[英]Pandas AssertionError when applying function which returns tuple containing list
I am applying a function to a Pandas DataFrame
, and returning a tuple
, to cast into multiple DataFrame
columns using zip(* )
. I am applying a function to a Pandas
DataFrame
, and returning a tuple
, to cast into multiple DataFrame
columns using zip(* )
.
The returned tuple
, contains a list
, containing one or more tuples
.返回的
tuple
包含一个list
,其中包含一个或多个tuples
。
In cases where at least one of the the nested lists
contain a different count of tuples
from the rest of the lists
, everything works fine.如果嵌套
lists
中的至少一个包含与lists
的 rest 不同的tuples
数,则一切正常。
In rare cases where the function returns all nested lists
with equal tuple
counts within, an AssertionError: Shape of new values must be compatible with manager shape
is raised.在 function 返回所有具有相同
tuple
计数的嵌套lists
的极少数情况下,会引发AssertionError: Shape of new values must be compatible with manager shape
。
I suspect Pandas is seeing the consistent nested list
lengths and is trying to unpack the list(tuples)

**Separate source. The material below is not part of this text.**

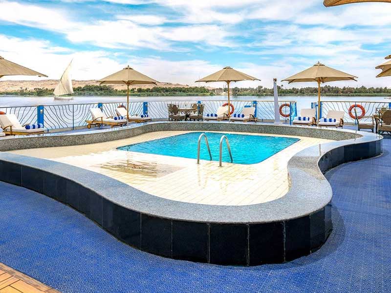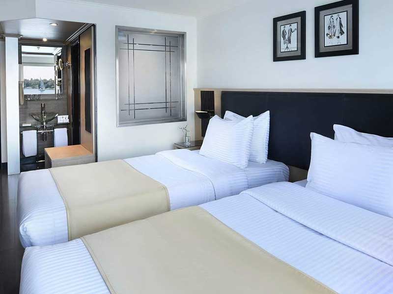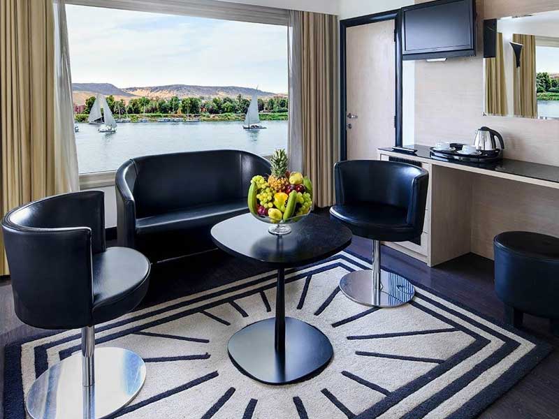 Elevate your cruise experience with our suites at deck, providing unrivaled panoramic views, exclusive amenities, and a luxurious haven amidst the scenic beauty of the Nile.
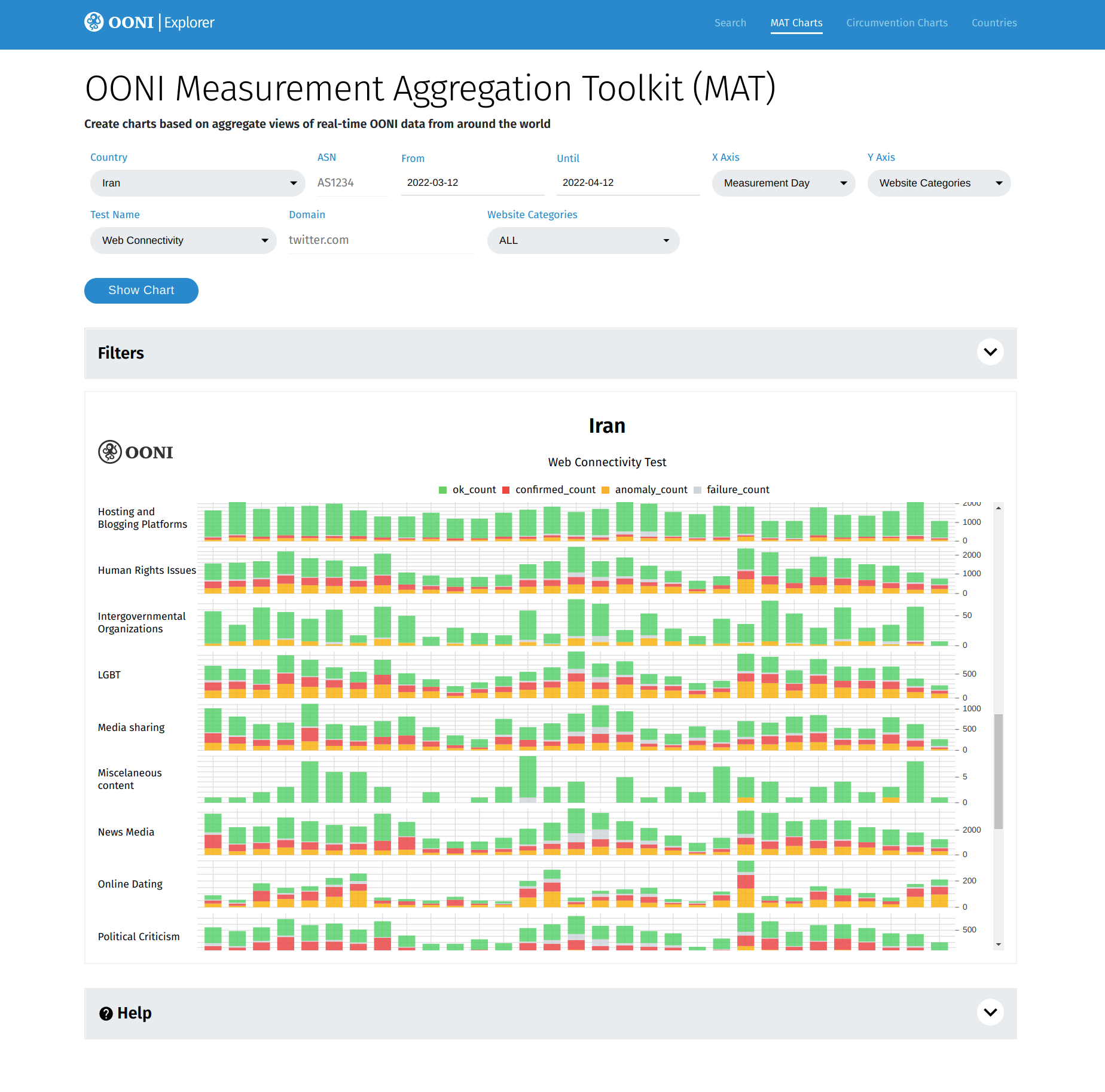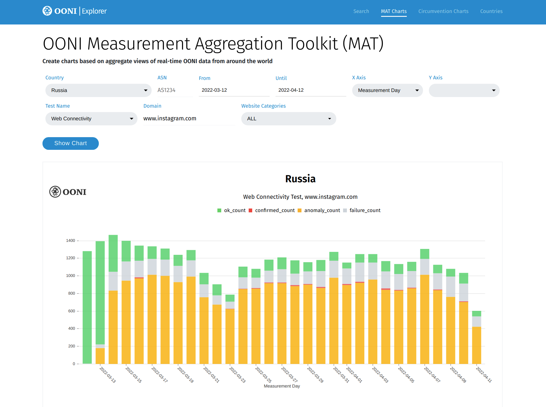 The MAT is a tool that enables you to create your own custom charts based on aggregate views of real-time OONI data collected from around the world.

into separate columns.我怀疑 Pandas 看到一致的嵌套
list
长度,并试图将list(tuples)
解压缩到单独的列中。
How can I force Pandas to always store the returned list
as is, regardless of the conditions above?无论上述条件如何,如何强制 Pandas 始终按原样存储返回的
list
?
(Python 3.7.4, Pandas 1.0.3) (Python 3.7.4、Pandas 1.0.3)
Code that works:有效的代码:
import pandas as pd
import numpy as np
def simple_function(type_count):
calculated_value1 = np.random.randint(5)
calculated_value2 = np.random.randint(5)
types_list = [tuple((x, calculated_value2)) for x in range(0, type_count)]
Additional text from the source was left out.